John McCarty, who was a
well-known commander of the Twenty-sixth Mississippi Infantry,
Confederate States Army, and
is now living in Texas; Capt. William W., and Lucy, wife of
Otis Lewis, a prosperous planter of
Catahoula County, La. William W. Bailey was taken to be reared
by Hon. John W. Thompson, a
warm personal friend of his father's, from whom he received
his start in life, and made his home
with him until the latter's death, on the 21st of June, 1873,
at the age of sixty-six years. He
received a very liberal education in the schools of Ripley,
Miss., and March 28, 1861, enlisted as
a private in Company B, Ninth Mississippi Infantry, Confederate
States Army, and served twelve
months. He was then mustered out of the service in April,
1862, and was appointed by Col.
[p.1224] James L. Autry as adjustant-general of the post at
Vicksburg, and in June, 1862,
became adjutant of the Seventh Mississippi Regiment, serving
with the rank of captain for two
years, and before the close of the war served as adjutant
for several regiments. At the cessation
of hostilities he was captain of Company C. Second Mississippi
Cavalry, and had participated in
many battles, among which were Cumberland Gap, the siege of
Vicksburg, being the man who
took the reply to the Federal soldiers that “Mississippians
never surrender:” Pensacola, Iuka,
Corinth, Moscow, Tenn., Harrisburg, Miss., and many others.

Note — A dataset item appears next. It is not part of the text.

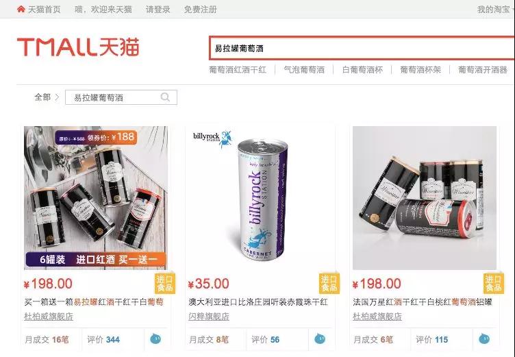 在天貓商城上搜索“易拉罐葡萄酒”,只出現(xiàn)了三款商品,月售量也很一般。

He was never taken prisoner or
wounded, but had a horse shot from under him at Salem, Miss.
After the war he returned to
Ripley, Miss., where he studied law under
Judge John W. Thompson, being admitted to the bar
in 1866 by Alexander M. Clayton. He immediately formed a partnership
with his preceptor, and
practiced law in Ripley until 1881, when he came to Altus
and engaged in merchandising, and in
1884 became chairman of the Democratic Central Committee of
Franklin County. He is
president of the joint stock company of the Methodist Episcopal
College at Altus. On the 14th of
September, 1864, he was married to Ruth E. Sellers, who was
born in Rutherford County, N.
C., September 27, 1839. She was
a niece of Judge Thompson's, and was reared by him. Her
union with Mr. Bailey was blessed by three sons: Edmund I.,
a general merchant at Alma, Ark.;
George S., at home, and John W. T. Mr. and Mrs. Bailey are
members of the Methodist
Episcopal Church, and he is a stanch Democrat.